3. Embedding New Content#

This guide explains how to embed your own documents into a Maeser-compatible vector store, enabling Retrieval‑Augmented Generation (RAG) over custom knowledge bases.


3.1. Prerequisites#

  • A Maeser development or user environment set up (see development_setup.md).

  • Python 3.10+ virtual environment activated.

  • Maeser and its dependencies installed (pip install -e . or make setup).

  • Your documents in plain text format (e.g., .txt, Markdown .md, or PDF converted to text).


3.2. Prepare Your Text Data#

  1. Collect all source files you want to embed into a single folder (e.g., docs/homework, docs/labs, etc.).

  2. If your files are not plain text (e.g., PDF), convert them first. A simple example using pdftotext:

    pdftotext input.pdf output.txt
    
  3. Ensure each file’s encoding is UTF‑8 to avoid errors when reading in Python.


3.3. Chunk Your Documents#

Large documents must be split into smaller, semantically meaningful chunks before embedding:

from langchain.text_splitter import RecursiveCharacterTextSplitter
from pathlib import Path

# Configure text splitter
splitter = RecursiveCharacterTextSplitter(
    chunk_size=1000,
    chunk_overlap=200,
)

# Read all text files and generate chunks
texts = [] # this is where the text chunks will be stored
metadatas = [] # this will keep track of which text chunks belong to which text file
folder = Path("path/to/txts")
for f in folder.glob("*.txt"):
    doc = f.read_text(encoding="utf8")
    chunks = splitter.split_text(doc)
    texts.extend(chunks) # store text chunks in texts
    metadatas.extend([{"source": f.name}] * len(chunks)) # store file name in metadatas

Tip: Adjust chunk_size and chunk_overlap based on your document structure. Smaller chunks improve retrieval precision but increase vector store size.

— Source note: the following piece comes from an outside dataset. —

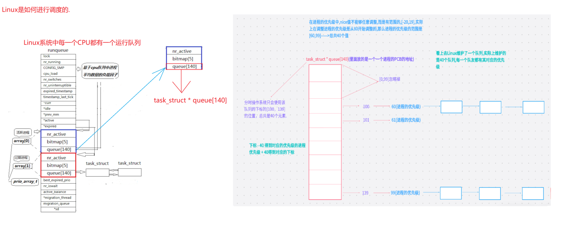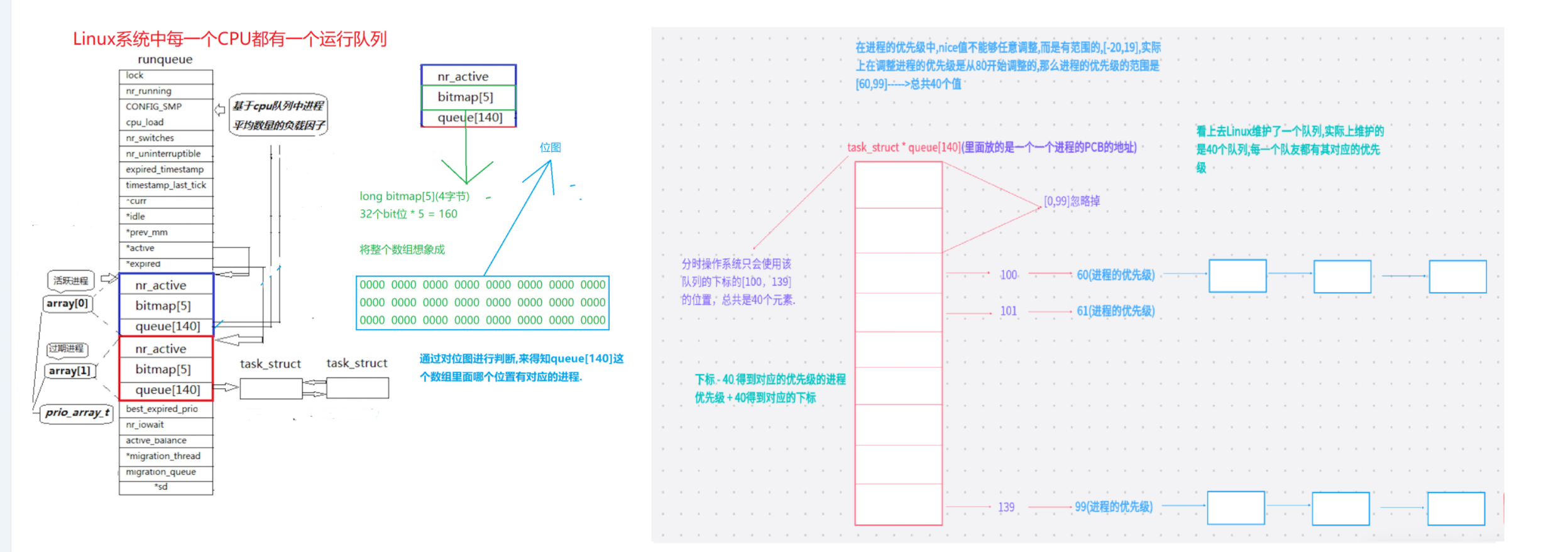 上图是Linux2.6内核中进程队列的数据结构

3.4. Create the Vector Store#

Use FAISS (via LangChain) to embed and store your chunks:

from langchain_community.vectorstores import FAISS
from langchain_openai import OpenAIEmbeddings

# Initialize OpenAI embeddings
embeddings = OpenAIEmbeddings()

# Build or load FAISS vector store
vectorstore = FAISS.from_texts(
    texts,
    embeddings,
    metadatas
)

# Persist to disk
vectorstore.save_local("my_vectorstore")
  • my_vectorstore/ will contain index files you can reuse in Maeser.

  • Metadatas (source field) helps trace which document each vector originated from.

Tip: The code above assumes the OPENAI_API_KEY environment variable is defined. If you want to pass your api key into the script without using the environment variable, assign it when initializing your embeddings:

embeddings = OpenAIEmbeddings(api_key=<your_api_key_here>)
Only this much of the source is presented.